Rhonja already read that there’s a lot of stuff to do at Gujo, and that there’s a combination ticket available at the tourist center so that would be our first stop. Though the people behind the counter didn’t speak any English, with the help of a sign and some pointing Rhonja got some idea of what the two types of tickets entailed. And with the help of Marcel’s translation app we got a little further. When we went to actually buy the ticket at the next counter, the clerk there called someone over who was able to explain it all in english. Why they didn’t bring him out in the first place we’ll never know… But we got a ticket with which we could visit the castle, museum, one out of three art galleries and two consumption tickets each, redeemable at several locations all over town.


We decided to go for the castle first as it was rumoured to have an awesome view. The view was indeed pretty great once we got up the mountain and to the top floor, but what we really appreciated was how few people decided to make the climb. We spent a little while all alone on the top floor which meant we could enjoy the view at a very leisurely pace.

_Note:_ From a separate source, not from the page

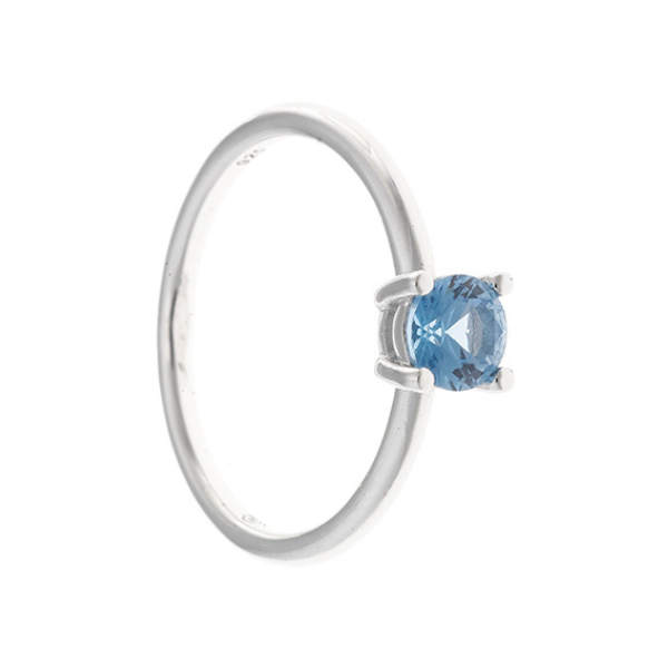 Anillo con circonita azul en plata rodiada primera ley.

Following the map we got, the museum seemed our next logical step. It was small and fairly nice, but all the signs were in Japanese. They told about the history and events of the town, and they also had large collections of dolls engaged in a few activities. There was also a traditional dance demonstration every hour and we got some shitake mushroom soup samples (delicious!).


One of the main reasons Rhonja really wanted to visit Gujo though, is because it’s the home of the plastic food samples! Japanese restaurants often have food samples on display outside so you can see what kind of stuff you can order and apparently 60% of the stuff comes from Gujo.

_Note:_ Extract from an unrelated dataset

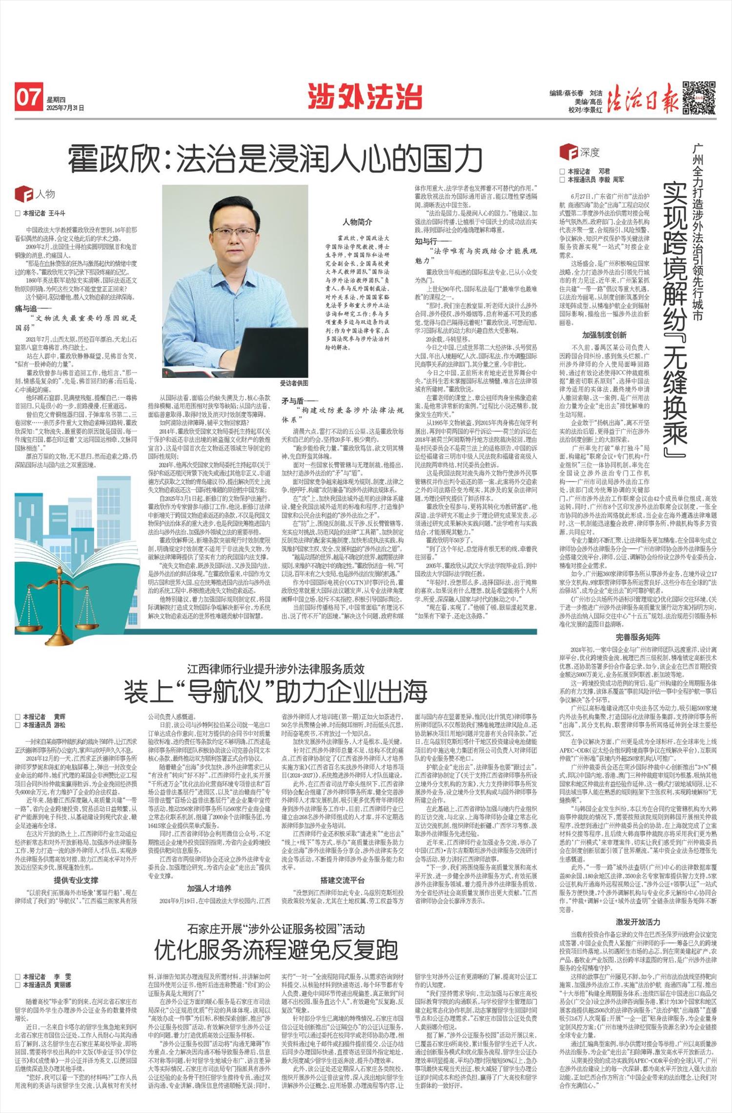 全国政协委员,全国工商联副主席、宁德时代新能源科技股份有限公司董事长兼总经理曾毓群为司法部的涉外法律服务点赞:“海外权益保护问题是‘走出去’企业的重要关切,司法部不断加强涉外法律服务,以法治护航民营企业顺利出海、逐浪前行,提升了企业参与全球市场竞争的信心和安全感。”

Some of the stores offer workshops where you can make your own which sounded like a lot of fun!
We located one store that offered workshops, but unfortunately to make tempura shrimp we would have to wait 1,5 hours. However, if we wanted to make our own fruit dessert with a note-holder we could do that right away. Though the tempura would’ve been a more hands-on thing this was a lot of fun to do as well. You got to choose a type of cup (round or heart shaped) and 5 items (strawberry, pineapple, kiwi, tangerine, blueberry, chocolate or maraschino cherry). The cream holds it together like glue.


After this and some scenic views, we spent our coupons on a fake cookie keychain, some local sake and crunchy cookies! Marcel also bought a fake takoyaki keychain because he has some fond memories concerning takoyaki.

Gujo Hachiman was definitely worth the trip out there! Upon returning to Nagoya we headed out for dinner and our favourite after-dinner activity – the arcade!
We started with some pop-n-music and Marcel really wanted to play some coin-dozers. The dozers here are pretty neat as they seat 2 at a machine (convenient) and they have mini-games while you play that give you more coins in the machine! Obviously we didn’t have a clue what we were doing. We did have a few buttons which sometimes would light up and we would press, but they might’ve well been duds for all we know. We didn’t win anything, but we did have a blast!